Be Someone Real on the Virtual Team

When we lose the advantage of grabbing a coffee together or going to lunch, it helps to find different ways in which to build a good rapport with people you may never have met in person. How can we do that?

  • Be accessible online. Every team is different, but most teams I work with use IM and email pretty constantly throughout the workday, as well as what used to be considered "off-hours." I log into IM or Skype whenever I'm available, just to let other team members know that they can reach out to me if they need me. I make an extra effort to log in and be accessible online whenever my project work is at a peak. On one of my projects, one of the developers seems to do the same thing. It's both helpful and reassuring to know that if I hit an issue, I can reach out easily and find him. In a physical office situation, showing up for work on time and consistently at the office is the norm, but for virtual teams "showing up" means being accessible online.

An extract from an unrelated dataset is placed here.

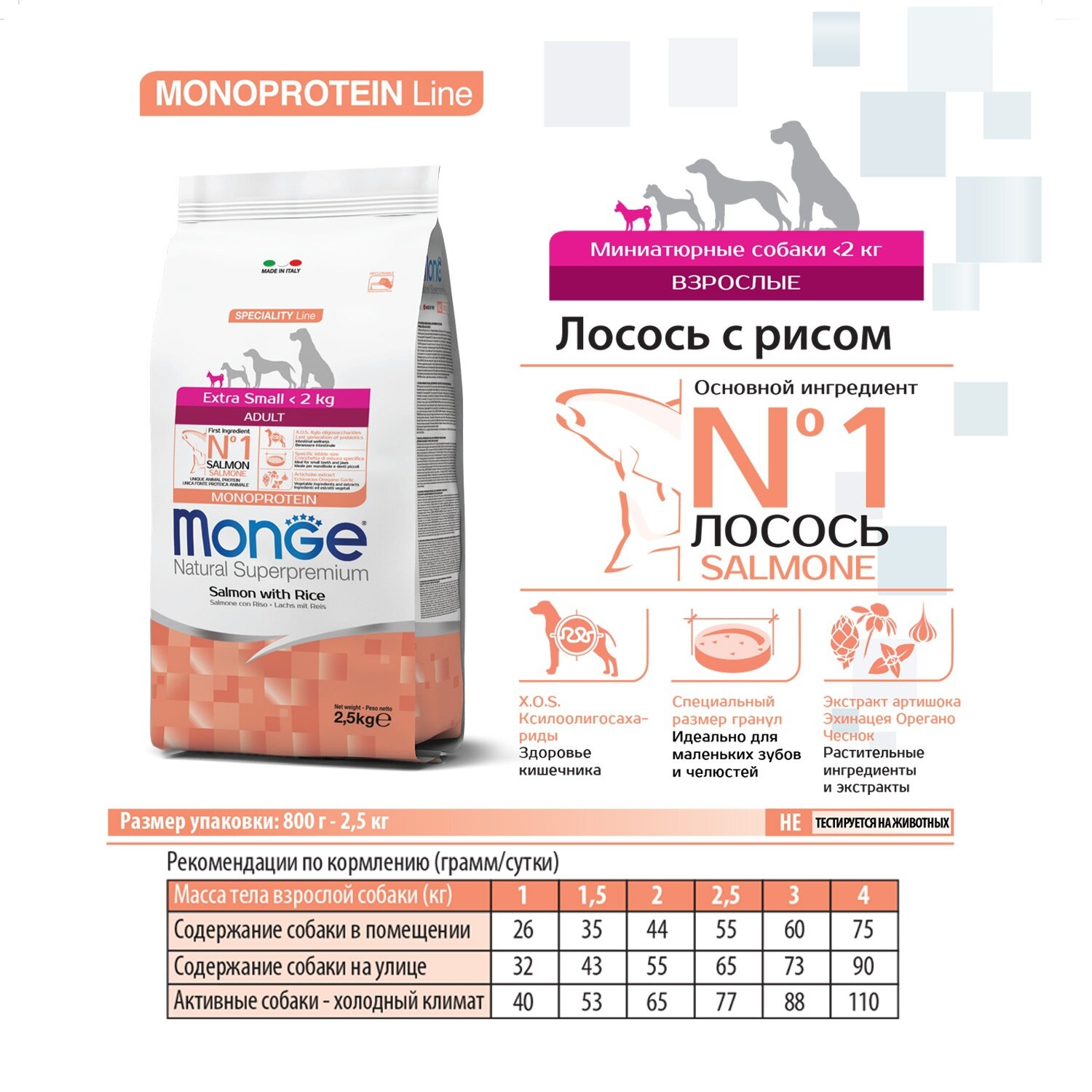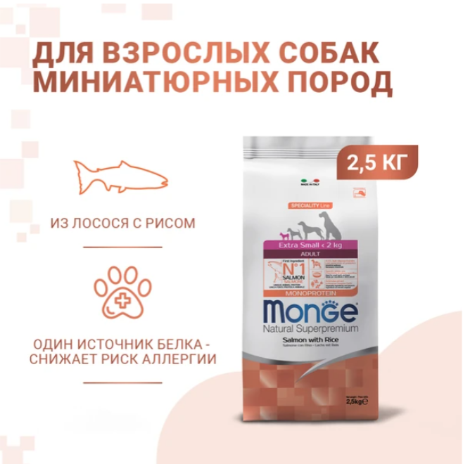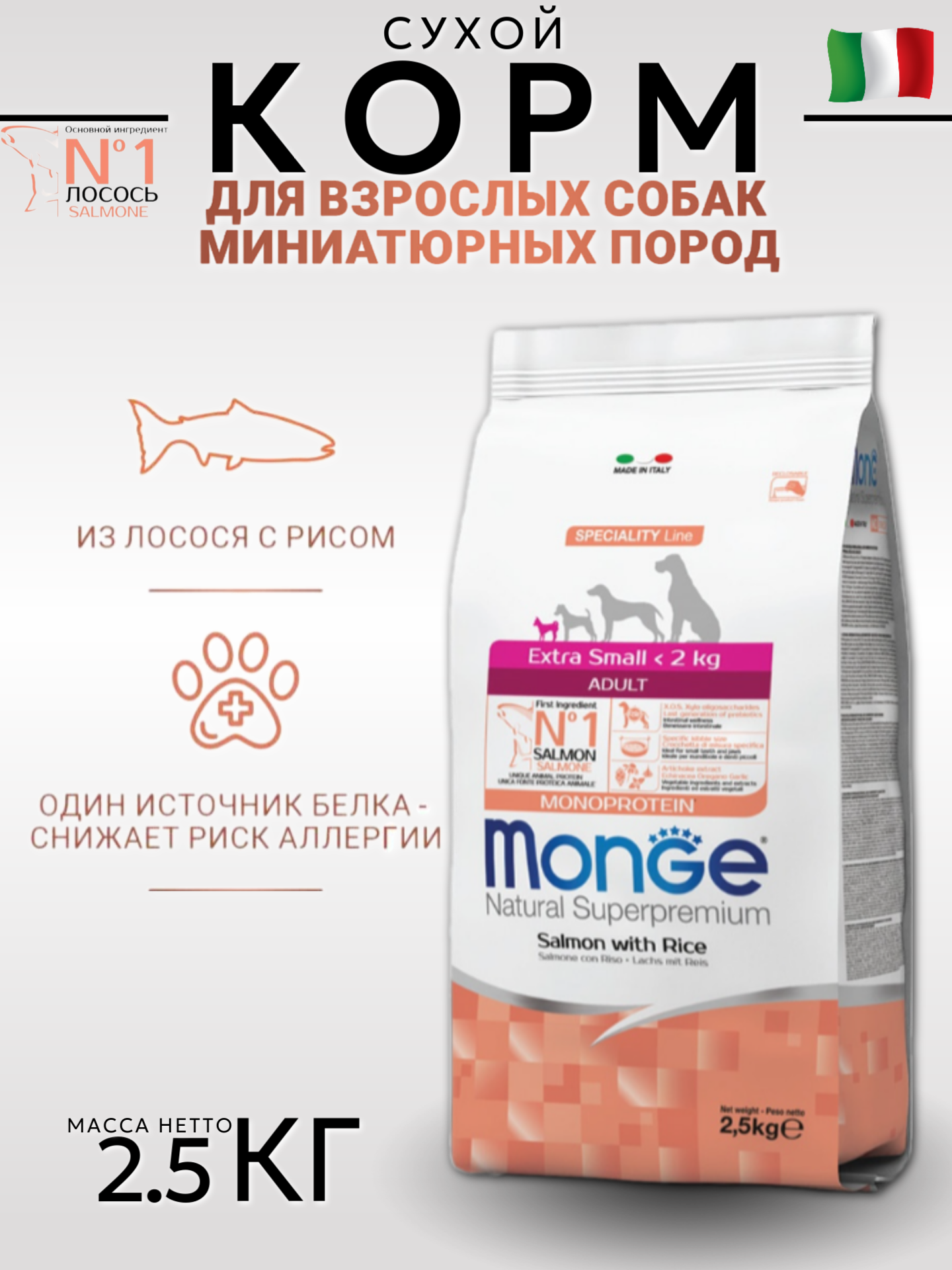 Купить Сухой корм Monge Dog Speciality Line Monoprotein Extra Small для взрослых собак миниатюрных пород, с лососем и рисом 2,5 кг

  • Chance encounters. The other way I try to show up and become someone "real" to others is by traveling—creating an opportunity to meet people in person whenever possible. One team I've been on for awhile now has a group of people who travel regularly, and there's been a fair amount of joking and chatter about who has managed to meet team members in person. If I'm traveling, I ask people if they'd be willing to meet me somewhere in person. It can be fun to connect faces to the voices we hear in conference calls. I realize that this isn't an opportunity for some people; and, of course, many teams consist of people from different countries, whose chance of in-person meetings is slim. Still, if you're on the road, consider trying to meet members of your virtual team.
  • Be consistent. Part of being a dependable resource on a project is being consistent. I believe that consistent communications and consistent behavior breed trust. If you want people to depend on you, demonstrate consistency in everything you do. If something in your life is affecting your work, tell your team members. It's best to share that sort of personal information with your team, so that they understand what's going on with you. That way, if they notice a difference in your behavior or communications, they won't conclude that you're inconsistent or unpredictable. You don't have to tell everyone all your life's stories, but you can "be real," sharing aspects of your life and current issues as needed, while still being professional.